## [Directions for this task]
Only the tail of the listing is wanted: the line containing "نوقشت في كلية" and all after it, repeated exactly, pictures omitted.

## [Data]
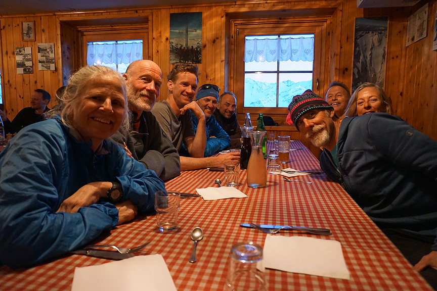 Our second Ortler ski tour this year was in the company of a great crew of friends, if not all of them before the trip, definitely all afterwards! A highly medical team as it happened; 6 doc types and one who could play one on T.V. if she wanted; we felt ready for any medical emergency! More importantly, everyone was fun, kind, smart, and good looking. Oh, and darn good skiers too. |
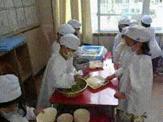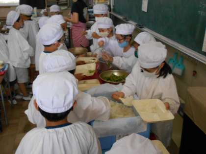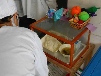 1年生の教室をのぞいてみると、配膳がとても上手だったので驚きました!
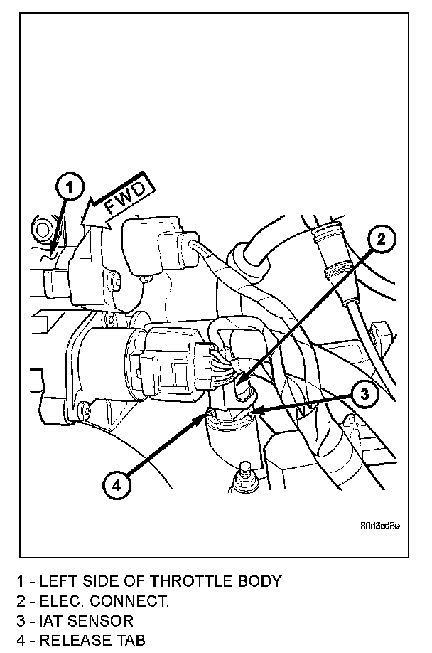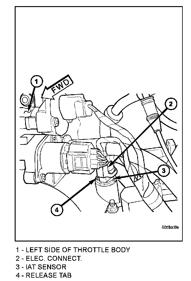 The intake manifold air temperature (IAT) sensor (3) is installed into the left side of intake manifold plenum.
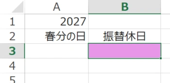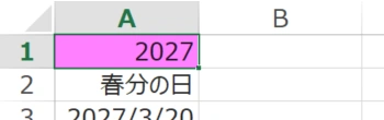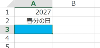 で、春分の日の式を入力するセルを「A3」とします。
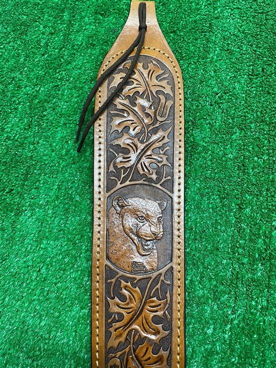 A true hunters sling made from top grade hide and suede lined. Full 3″ wide at the shoulder it tapers to fit 1″ swivels, featuring a thumb hole.
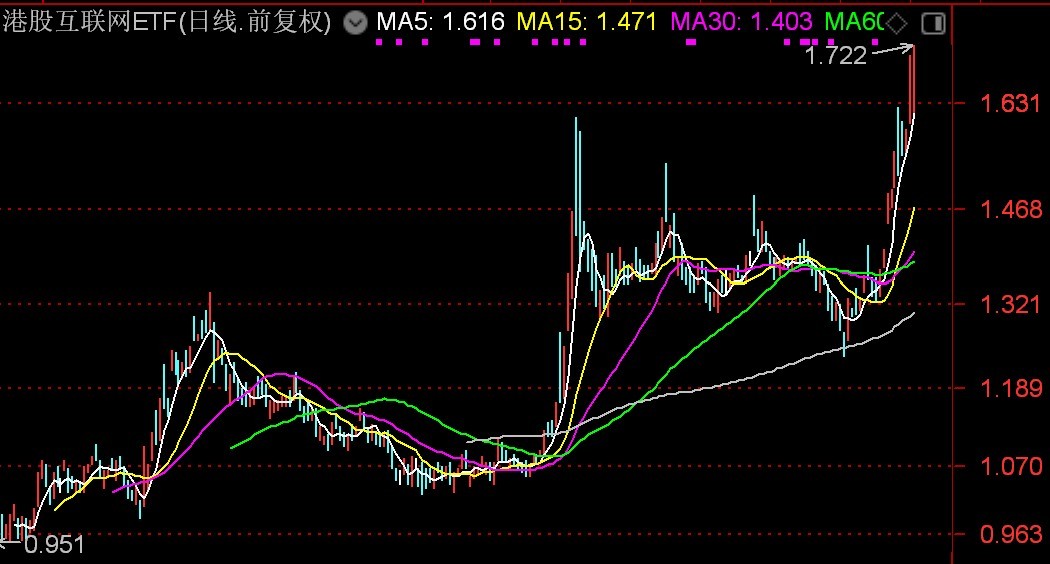 每经记者 叶峰 每经编辑 肖芮冬 港股全天震荡走高,港股互联网ETF大涨逾5%,创上市新高,截至发稿,换手率超900%。 港股互联网ETF跟踪中证港股通互联网指数,该指数从港股通范围内选取30家涉及互联网相关业务的上市公司证券作为指数样本,以反映港股通内互联网主题上市公司证券的整体表现,目前场内有4只ETF跟踪该指数,其余3只涨超3%。 在AI热潮带动下,港股整体投资气氛高涨。有机构表示,当下或许是布局“估值修复+产业升级”双重红利的好时机。随着两会窗口临近及国内AI应用场景加速落地,科技及AI主线不断引来新的驱动力,中长期仍有持续演绎空间。
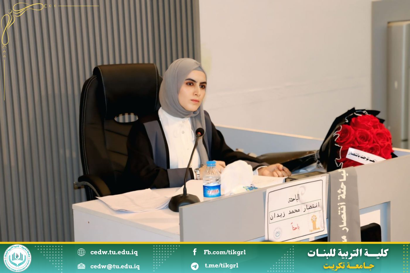 نوقشت في كلية التربية للبنات ، قسم اللغة العربية، يوم الاثنين الموافق 21 / 7 / 2025، وعلى قاعة المرحوم الأستاذ الدكتور جايد زيدان، رسالة ماجستير للطالبة انتصار محمد زيدان، والموسومة:
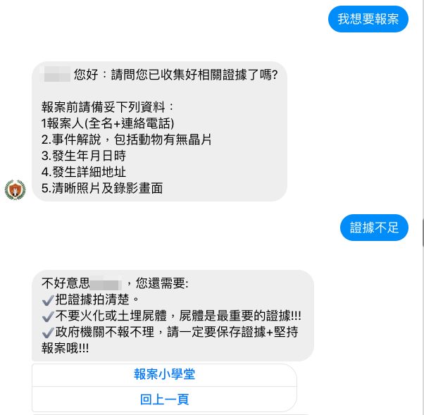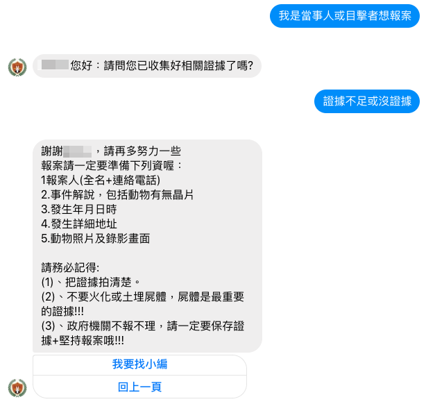 現在,透過聊天機器人的協助,可引導使用者依其需求至不同對話流程,並在後台篩去重複的報案內容,有效辨別案件的輕重緩急,將時間分配到有真正急需介入協助的動物案件。
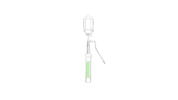 Patentierter Teleskop-Selfie-Stick mit 3,5-mm-Klinkenstecker, Anti-Rotationssystem und komfortablem ergonomischem Griff mit eingebautem Auslöser. Mit Polsterung in der Halterung für optimalen Halt und Schutz des Smartphones sowie Einstellmutter zum Fixieren des gewünschten Aufnahmewinkels für noch mehr Möglichkeiten. Verfügbar in einer Vielzahl von Farben. Kompatibel mit allen Arten von Smartphones und speziell für den Tampondruck entwickelt. Präsentiert in einer attraktiven Designbox.
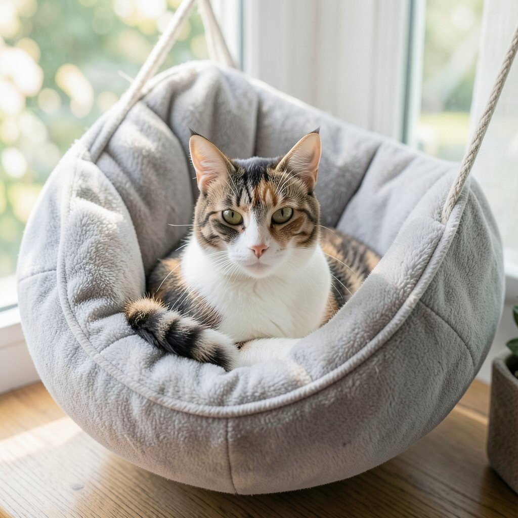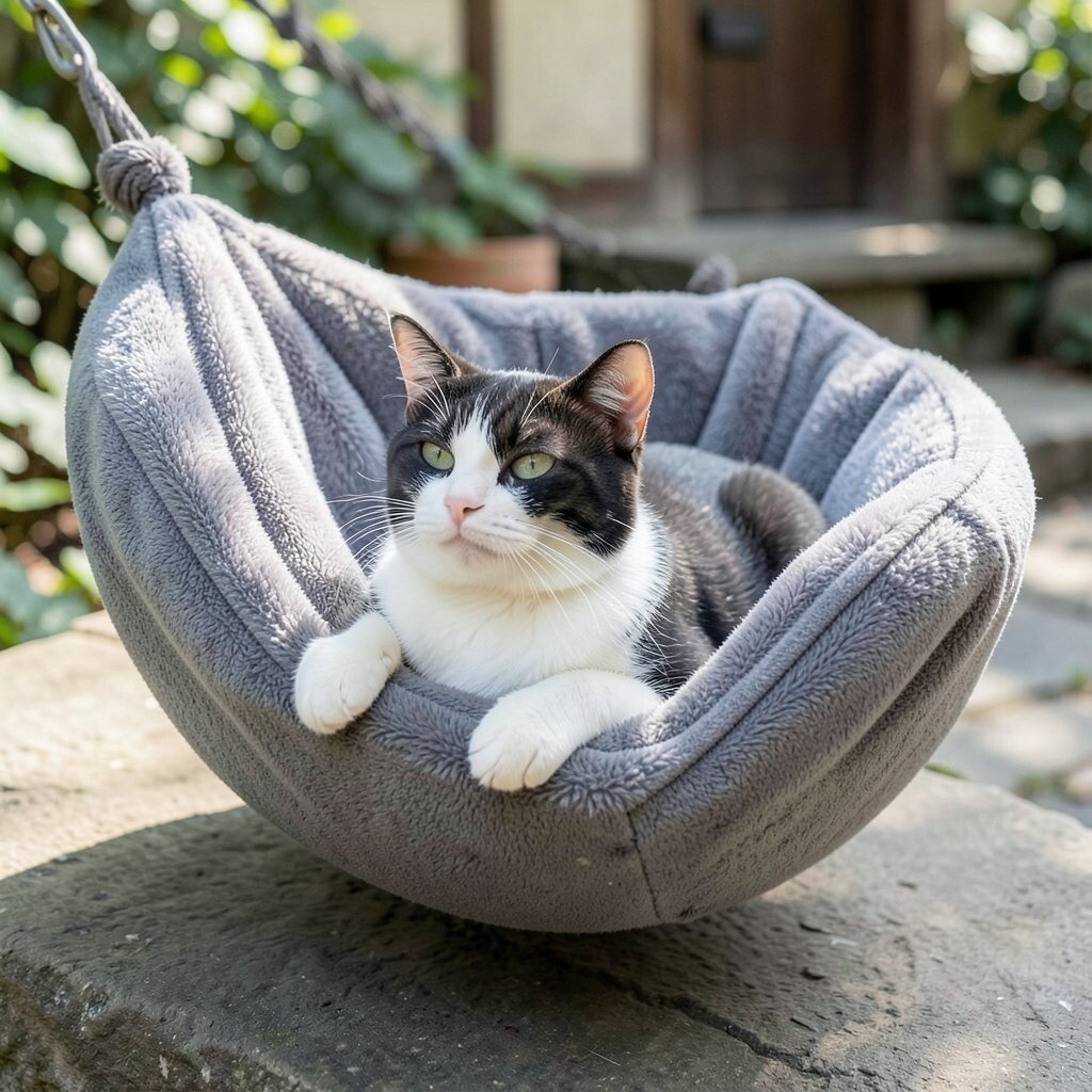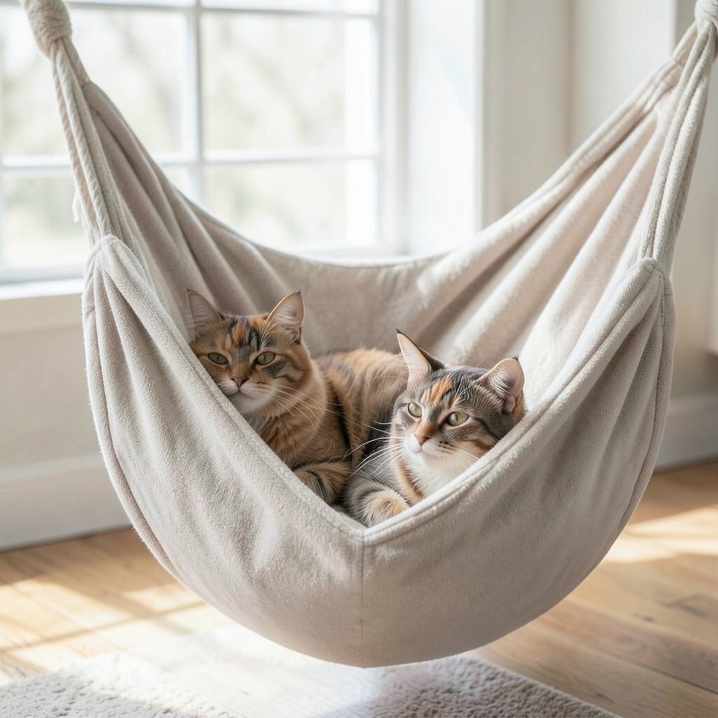 This hammock is perfect for a cat that loves a cozy, rustic atmosphere. Its simplicity and comfort make it a timeless choice. Pair it with a rustic throw blanket for added warmth.

## [Solution to this task]
 نوقشت في كلية التربية للبنات ، قسم اللغة العربية، يوم الاثنين الموافق 21 / 7 / 2025، وعلى قاعة المرحوم الأستاذ الدكتور جايد زيدان، رسالة ماجستير للطالبة انتصار محمد زيدان، والموسومة:
 現在,透過聊天機器人的協助,可引導使用者依其需求至不同對話流程,並在後台篩去重複的報案內容,有效辨別案件的輕重緩急,將時間分配到有真正急需介入協助的動物案件。
 Patentierter Teleskop-Selfie-Stick mit 3,5-mm-Klinkenstecker, Anti-Rotationssystem und komfortablem ergonomischem Griff mit eingebautem Auslöser. Mit Polsterung in der Halterung für optimalen Halt und Schutz des Smartphones sowie Einstellmutter zum Fixieren des gewünschten Aufnahmewinkels für noch mehr Möglichkeiten. Verfügbar in einer Vielzahl von Farben. Kompatibel mit allen Arten von Smartphones und speziell für den Tampondruck entwickelt. Präsentiert in einer attraktiven Designbox.
 This hammock is perfect for a cat that loves a cozy, rustic atmosphere. Its simplicity and comfort make it a timeless choice. Pair it with a rustic throw blanket for added warmth.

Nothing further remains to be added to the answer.